You can set this with additional_cpus=... at boot time.
I don't think each runtime option needs a CONFIG option too.

-Andi
--

From: Chuck Ebbert
Date: Thursday, October 2, 2008 - 12:25 pm

On Thu, 02 Oct 2008 11:12:51 +0200

Well not all of them, but this one is a good candidate.  Either that or
we should just change the default to zero.
--

From: Andi Kleen
Date: Thursday, October 2, 2008 - 12:44 pm

What do you mean with single cpu mode?

e.g. the lock prefix rewriting is only determined by online CPUs,
not possible CPUs. And this only affects the possible ones.

I'm not aware of any other special mode with num_possible_cpus() == 1,

An extra possible CPU is not that costly.  A 64bit kernel with my old
defconfig has about 40k of per CPU data which would be duplicated.
And having real hotplug always require that option would be nasty.

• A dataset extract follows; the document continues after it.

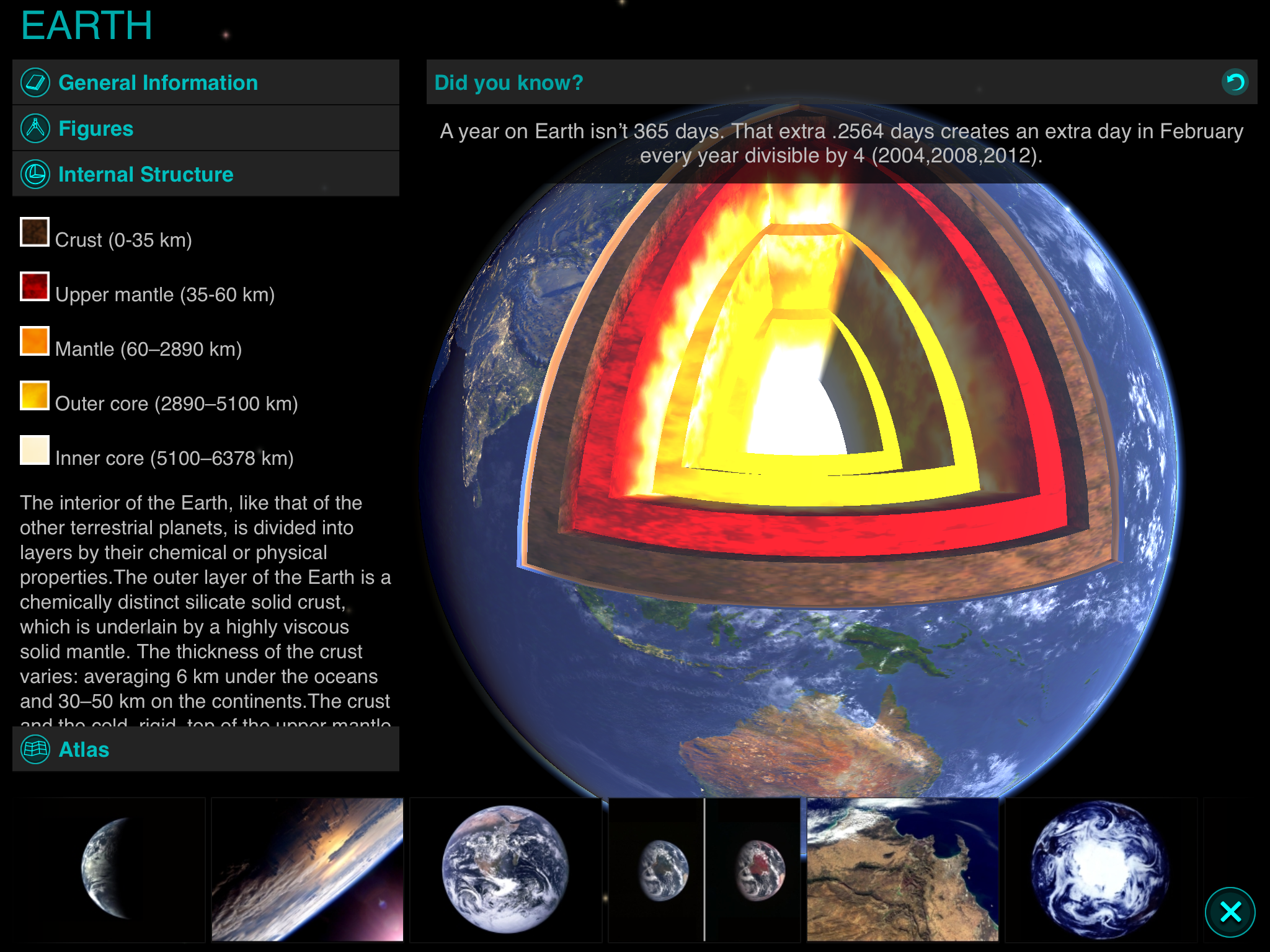 When you select a planet, you can explore the dimensions, learn about the relative gravity, and even learn about the interior of the planet. You can "fly" through the solar system, investigating the planets and their satellites, seeing how each looks from space while circling around it from any and all angles. There's a handy menu that you can use to select or search for what you're looking for.
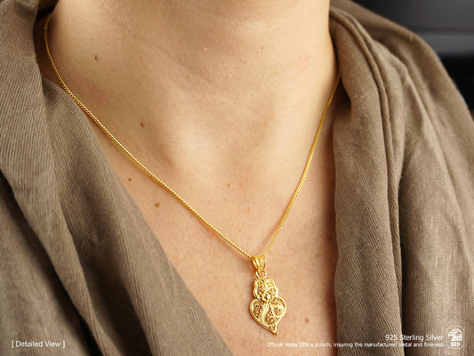 Necklace with Small Clover, Portuguese Filigree, Golden 925 Sterling Silver

What you could probably do if you really worry about the 40k is to do
some special casing, as if you know there is only a single socket 
(can be determined from the APIC IDs in the ACPI tables) and the CPU
is only single core then don't allocate it.
For HT it is harder, there is no real way to distingush P4 Celerons
with HT fused off. 

But frankly having such special code just for 40k savings (or 
likely much less on 32bit) seems a little overkill to me.

-Andi
-- 
ak@linux.intel.com
--

From: Chuck Ebbert
Date: Thursday, October 2, 2008 - 1:09 pm

On Thu, 2 Oct 2008 21:44:09 +0200


The prefix rewriting doesn't happen unless I boot with additional_cpus=0,
maxcpus=1, or with this patch applied and the config option set. I think
the rules for when/if the rewriting happens changed a while ago to avoid
multiple switches and now it's not happening at all on this machine by
default.

Oh, and with NR_CPUS=512 I am seeing 1.6MB per-cpu data (I'll have to
check that, but I remember being surprised at how big the number was.)
--

From: Andi Kleen
Date: Thursday, October 2, 2008 - 1:40 pm

Well then something is broken, but the fix is not to lower num_possible_cpus(),
but to fix the root cause.


How did you measure? And you mean total right? If it's total
then it's ~32KB/CPU which is roughly similar to my 40k number
(probably depends on CONFIG options) 

The standard way is  __per_cpu_start - __per_cpu_end (on 64bit;
or the other way round on 32bit). That segment is duplicated
per CPU. Ok there are some dynamic data structures that scale too,
so it's possible a little more.

Single per cpu data should not scale with NR_CPUS, but be constant.

-Andi

---

Take disabled cpus into account in alternative.c

Otherwise an UP system with one hotplug CPU will not 
go into UP mode.

Signed-off-by: Andi Kleen <ak@linux.intel.com>

Index: linux-2.6.27-rc4-misc/arch/x86/kernel/alternative.c
===================================================================
--- linux-2.6.27-rc4-misc.orig/arch/x86/kernel/alternative.c
+++ linux-2.6.27-rc4-misc/arch/x86/kernel/alternative.c
@@ -454,7 +454,7 @@ void __init alternative_instructions(voi
 					    _text, _etext);
 
 		/* Only switch to UP mode if we don't immediately boot others */
-		if (num_possible_cpus() == 1 || setup_max_cpus <= 1)
+		if (num_possible_cpus() - additional_cpus == 1 || setup_max_cpus <= 1)
 			alternatives_smp_switch(0);
 	}
 #endif
Index: linux-2.6.27-rc4-misc/arch/x86/kernel/smpboot.c
===================================================================
--- linux-2.6.27-rc4-misc.orig/arch/x86/kernel/smpboot.c
+++ linux-2.6.27-rc4-misc/arch/x86/kernel/smpboot.c
@@ -1276,7 +1276,7 @@ static void remove_siblinginfo(int cpu)
 	cpu_clear(cpu, cpu_sibling_setup_map);
 }
 
-static int additional_cpus __initdata = -1;
+int additional_cpus = -1;
 
 static __init int setup_additional_cpus(char *s)
 {
Index: linux-2.6.27-rc4-misc/include/asm-x86/smp.h
===================================================================
--- linux-2.6.27-rc4-misc.orig/include/asm-x86/smp.h
+++ ...
From: Andi Kleen
Date: Saturday, October 4, 2008 - 9:52 am

Ping? Can you please test the patch?  I think that's the correct fix.
 
I see Ingo unfortunately merged your initial broken hack, but it's wrong
and when actually used on a distribution will break real CPU hotplug there.
Please don't enable that CONFIG option in Fedora. Ideally drop
the CONFIG patch completely because it cannot do much good.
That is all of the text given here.